The examples and perspective in this article deal primarily with the United States and do not represent a worldwide view of the subject.(October 2016) |
Wrong-way driving (WWD), also known as contraflow driving, is the act of driving a motor vehicle against the direction of traffic. It can occur on either one- or two-way roads, as well as in parking lots and parking garages, and may be due to driver inattention or impairment, or because of insufficient or confusing road markings or signage, [1] or a driver from a right-hand traffic country being unaccustomed to driving in a left-hand traffic country and vice versa. People intentionally drive in the wrong direction because they missed an exit, for thrill-seeking, or as a shortcut. [2]
Wrong-way driving is particularly dangerous on a divided highway, especially a freeway; the higher speeds typical of such roads mean that wrong-way driving invariably leads to a head-on collision. [3] It is also evidenced by a number of videos that have been posted on the internet showing the exact moment of wrong-way driving and subsequent head-on collisions. [4] In the United States, about 355 people are killed each year in crashes caused by drivers headed in the wrong direction on the highway. [5] [6] Given an average of 265 fatal WWD crashes, 1.34 fatalities per WWD fatal crash can be calculated.

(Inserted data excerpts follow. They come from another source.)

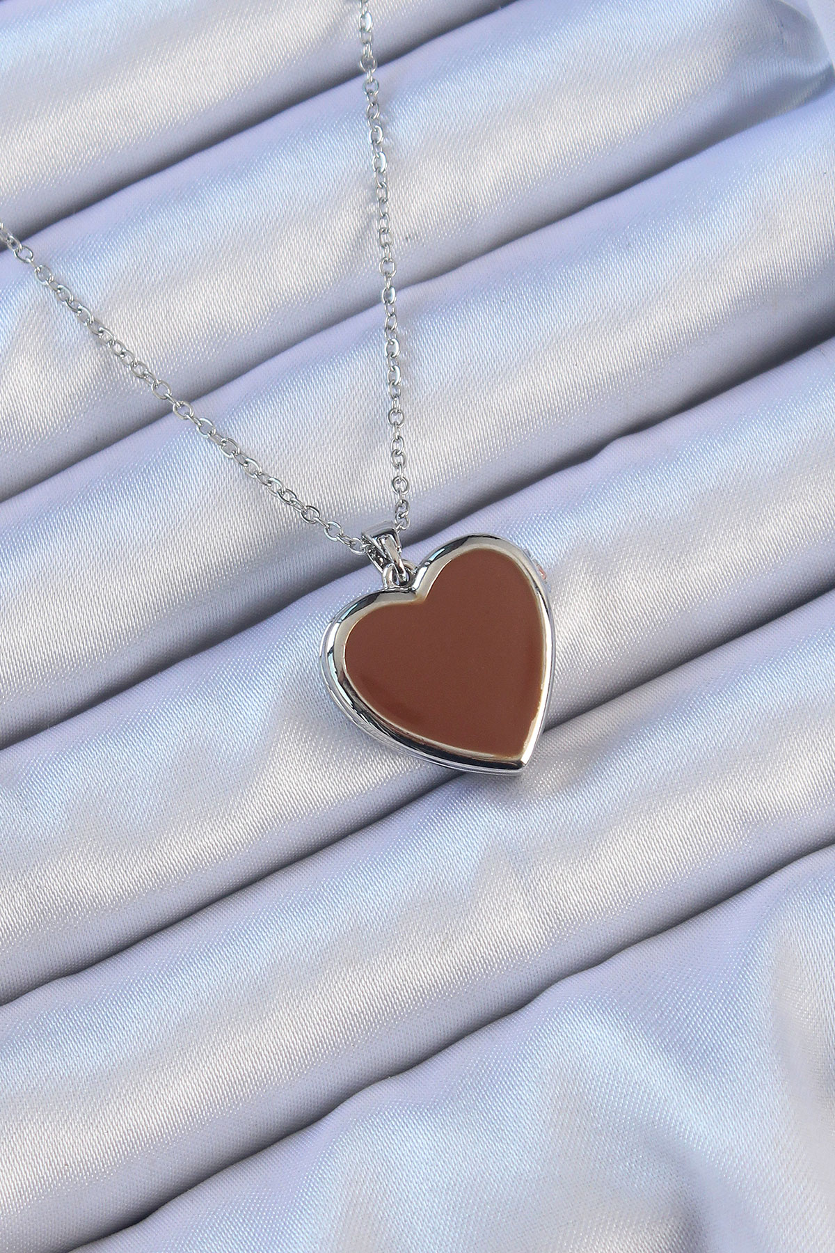 316L Çelik Zincir Gümüş Renk Mineli İçi Açılan Kalp Kolye
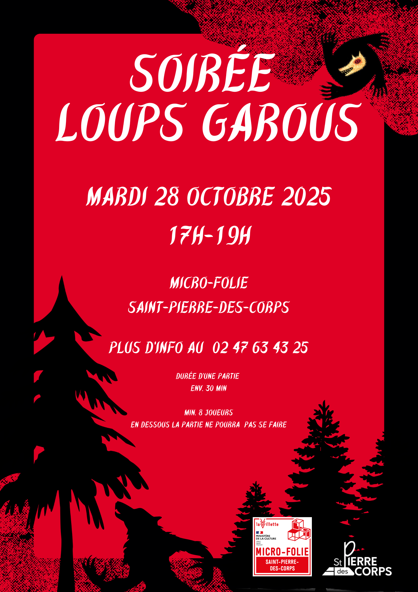 De 16h à 17h, initiation pour les débutants, sans inscription. De 17h à 19h, jeu du loup garou géant, gratuit sur inscription dans la limite des places disponibles.
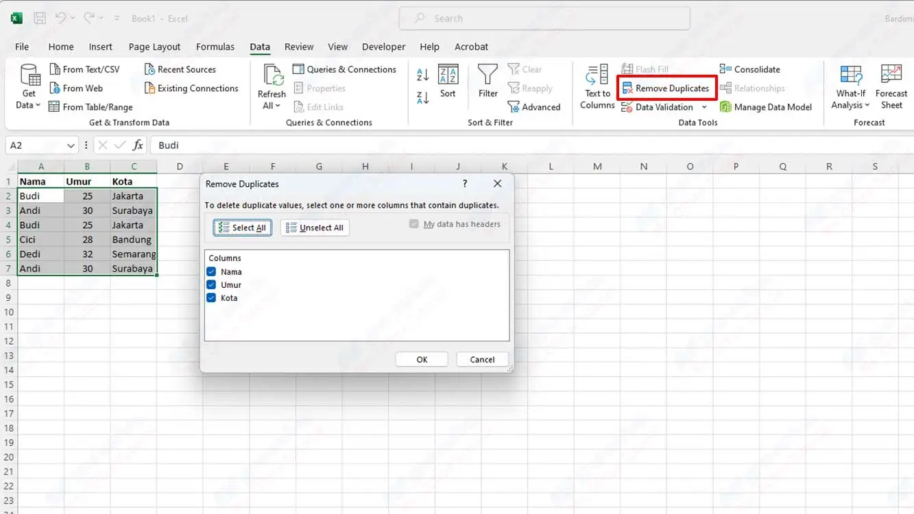 - Mit dieser Funktion können nur Duplikate entfernt werden, die identisch sind, mit Ausnahme von Duplikaten, die Unterschiede in Groß- oder Kleinbuchstaben, Leerzeichen oder Satzzeichen aufweisen. Beispielsweise werden “Budi” und “budi” von dieser Funktion nicht als Duplikate betrachtet. Wenn Sie Duplikate mit diesen Unterschieden entfernen möchten, müssen Sie einige zusätzliche Schritte ausführen, z. B. “UPPER”, “LOWER” oder “TRIM” Formeln, um das Format Ihrer Daten auszugleichen, bevor Sie “Remove Duplicates” Funktion verwenden.
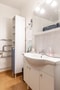 I anslutning till hallen återfinns ett badrum med ljusa väggar och våtrumsmatta golv. Utrustat med handfat, kommod, spegelskåp, högskåp, handdukstork, WC, och duschhhörna.
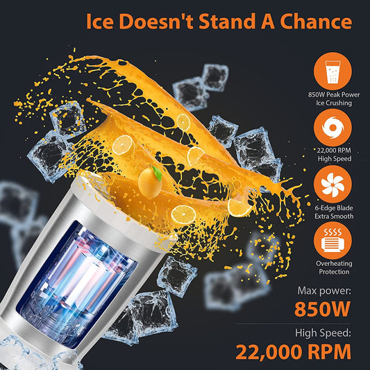 PRO 850W Bullet Personal Blender for Shakes and Smoothies, Protein Drinks, 11 Pieces Set Blender for Kitchen with Ultra Smooth 6-Edge Blade, Coffee Grinder for Beans, Nuts, Spices, 2X17 Oz + 10 Oz Large & Small To-Go Cups, 2 Spout Drinking Lids, BPA Free
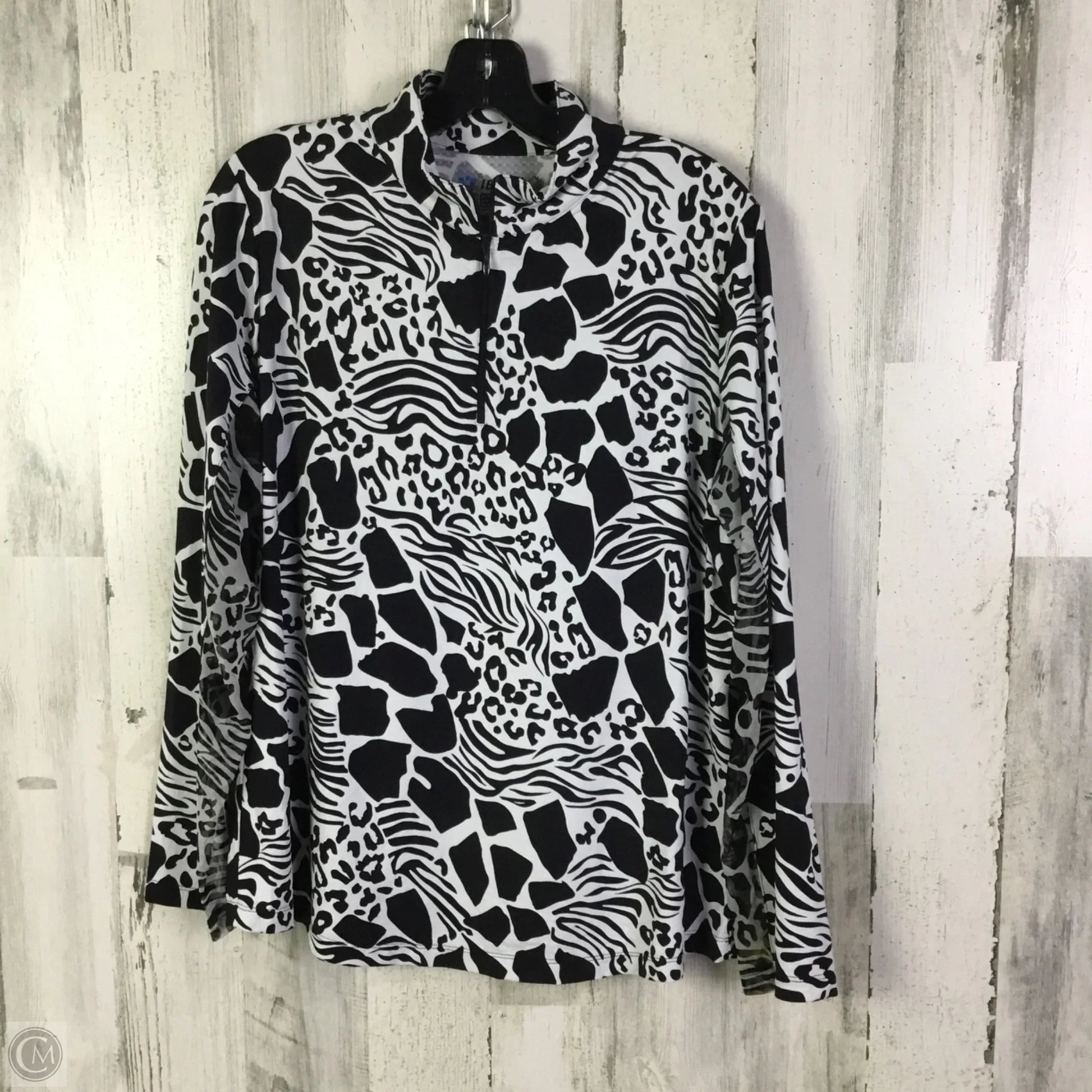 Athletic Top Long Sleeve Collar By Ibkul In Black & White, Size: Xl
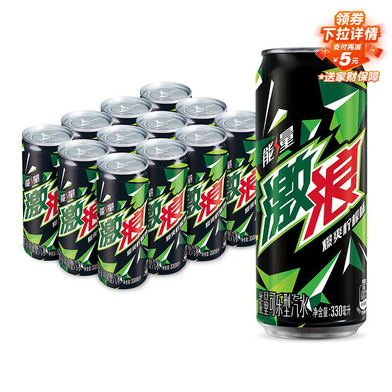 掉落5券,叠首单付12.9亓 百事可乐激浪 柠檬味汽水330ml*12听
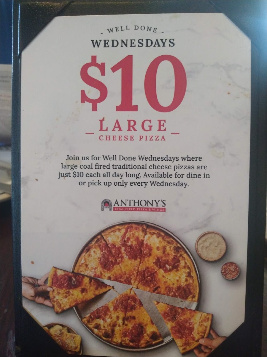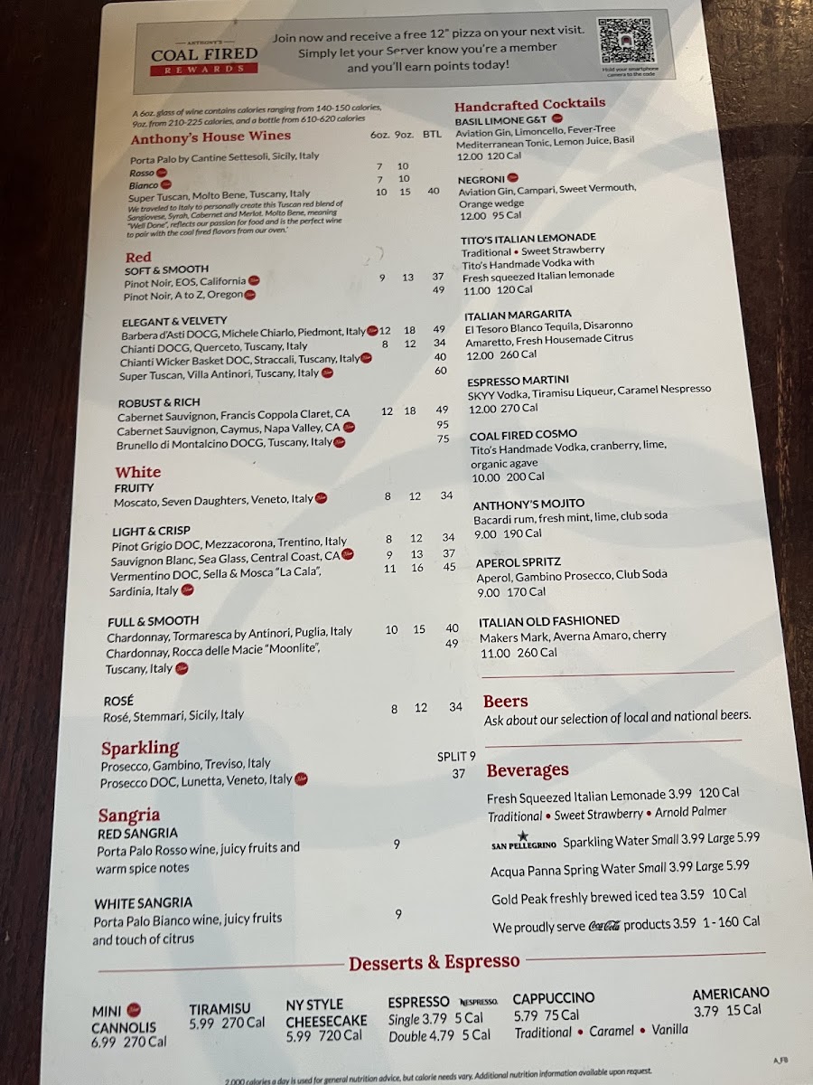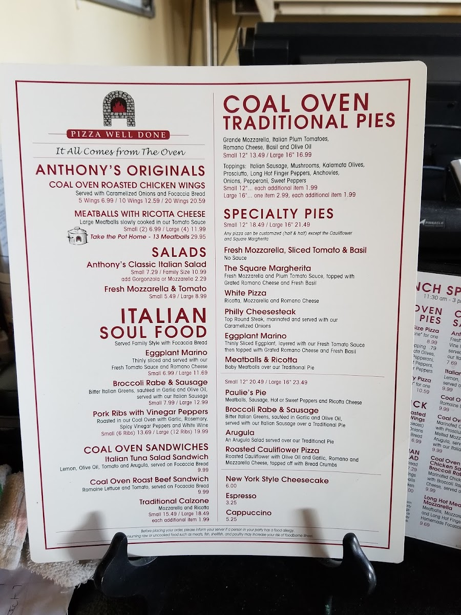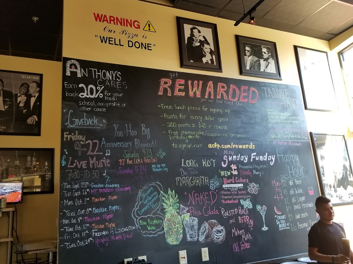 “ My friend and I are patrons at Anthony’s every single week, and we are always so happy. We are personally greeted by the staff, beginning with Giovanni, the Mgr/pizza chef, other cooks, waiters, waitresses and bartenders. I am gluten sensitive and get the gluten friendly pizza each and every time. It’s delicious! This morning, Giovanni called me to tell me that they were out of the crust, had tried other suppliers and wouldn’t have it for this evening. He didn’t want me to be disappointed!!! Seriously?? He is amazing!! ”
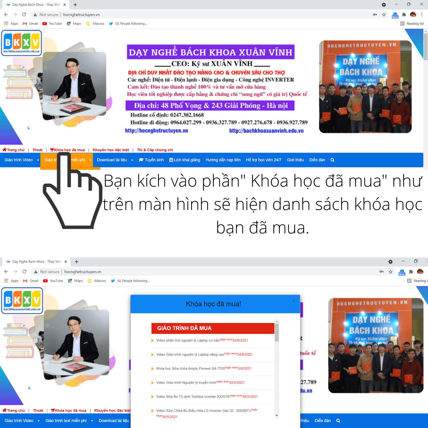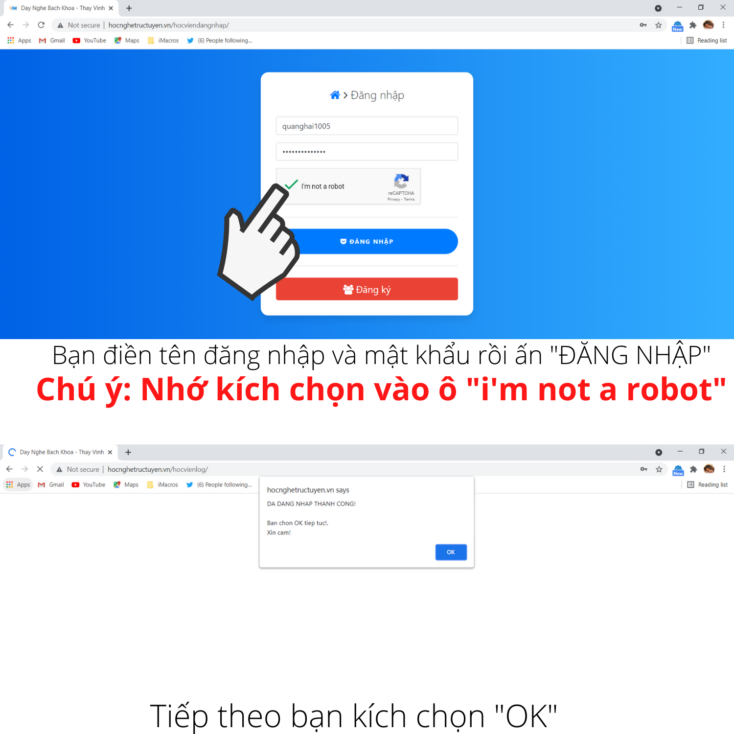 Chúc quý học viên học tốt: Nếu không đăng nhập được vào web bạn có thể liên hệ phòng kỹ thuật theo số điện thoại: 0964 027 299
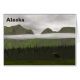 Un tableau numérique de conifères verts et de montagnes en Alaska par jour très gris et nuageux. Un orignal au premier plan prête de l'échelle à la scène. Le texte "Alaska" apparaît également.
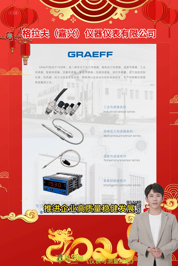 GRAEFF(格拉夫)是一家專注于熔體壓力傳感器、溫度傳感器、工業傳感器、智能傳感器、智能控制器以及自動化控制系統研發、生產和銷售的英國跨國集團公司。展望2024年,GRAEFF(格拉夫)將緊緊圍繞國家發展戰略,抓住汽車電動化、環保儀器儀表,工業自動化和制造數字化的發展機遇,積極承擔中國“智能制造”的責任和使命,堅守匠心,做精做專做強傳感器與測量技術產業,為振興民族經濟,推動中國制造業的高質量發展貢獻智慧和力量。
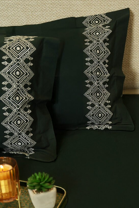 Reysha Solid Colour Premium Cotton Bedsheet - Green Petals ( Thread Count 300 )
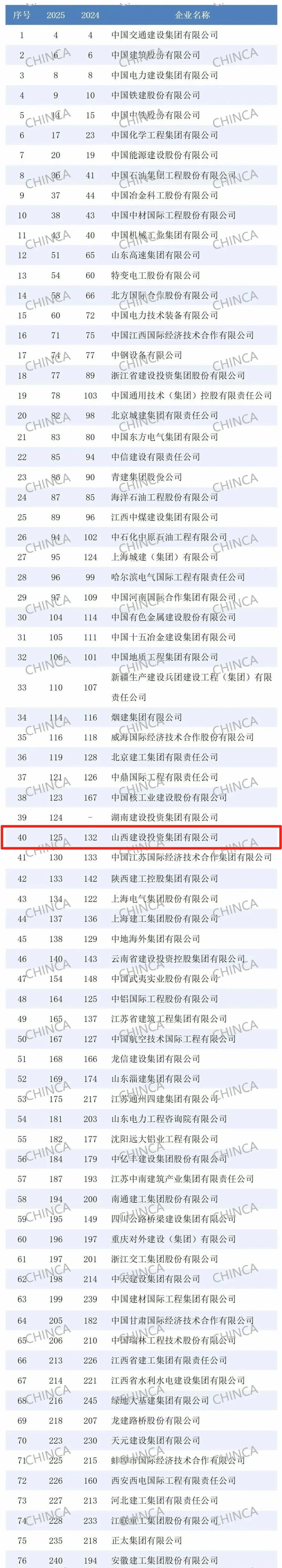 8月21日,美國《工程新聞記錄》(ENR)2025年度“全球承包商250強”和“國際承包商250強”榜單公布,山西建投分別位列第13位和第125位,排名較去年提升1位和7位,保持穩(wěn)步上升態(tài)勢。
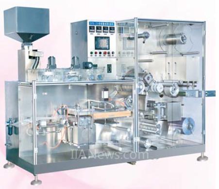 铝塑泡罩包装机是将透明的PVC 等塑料薄膜或薄片制成泡罩,然后用热压封合、粘合等方法将药品封合在泡罩和铝塑板之间,并且按设定的版长均匀切割成。

The significance of this kind of crash is corroborated when this number is compared to the fatalities per fatal crash rate of 1.10 for all other crash types, which translates to 24 more fatalities per 100 fatal crashes for WWD crashes than for fatal crashes in general. [7] Most drivers who enter a divided highway or ramp in the wrong direction correct themselves by turning around. [6]
Depending on the jurisdiction, WWD is a punishable offense. In New Zealand, WWD is counted as careless driving and can result in up to 5 years imprisonment and/or a fine up to NZ$10,000.[ citation needed ]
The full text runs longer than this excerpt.